Basically, the group that brought the right to vote to African-Americans in the South. Had important members some of whom went on to become more militant, but if you read Howard Zinn's SNCC: The New Abolitionists you will get a good perspective on the group before the issue of skin color began to separate its core members.

These people defined the best and perhaps the worst sides of 60's student activism. They were also responsible in part for the Crisis at Columbia, and some other things. Mostly because many white people in power hate to see black people speak out for the freedoms that whites take for granted.

More proactive and younger than the NAACP, everyone under 25 should study this organization.

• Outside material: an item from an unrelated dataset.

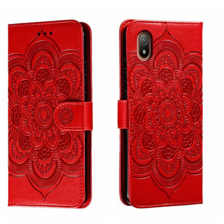 Funda de Cuero para Sony Xperia Ace III con Patrón En Relieve Sun Mandala (Rojo)

The SNCC was one of the most influential groups in the campaign for civil rights although it initially achieved very little. It was under funded and had only one full time member of staff, working from an office in the SCLC office in Atlanta. The opportunity to take part in a privately-funded effort to improve voter registration in Mississippi in the summer of 1961 gave the SNCC greater recognition. At first, some members of the SNCC saw voter registration campaigns as a tame, conservative option after the direct actions of their sit-ins. However, the sheer violence that met their arrival in Mississippi soon changed their minds. SNCC members lived and worked in black communities in the depressed areas of the state for months, even years at a time to win the confidence of African Americans.

The shared poverty and deprivation, which came to a head during the freedom summer of 1964, had the effect of showing the SNCC as one of the more radical groups involved in the civil rights movement. The SNCC held a belief that the local black communities should be given the power to think and act for themselves. This belief was reflected in their scheme of setting up schools in underprivileged areas.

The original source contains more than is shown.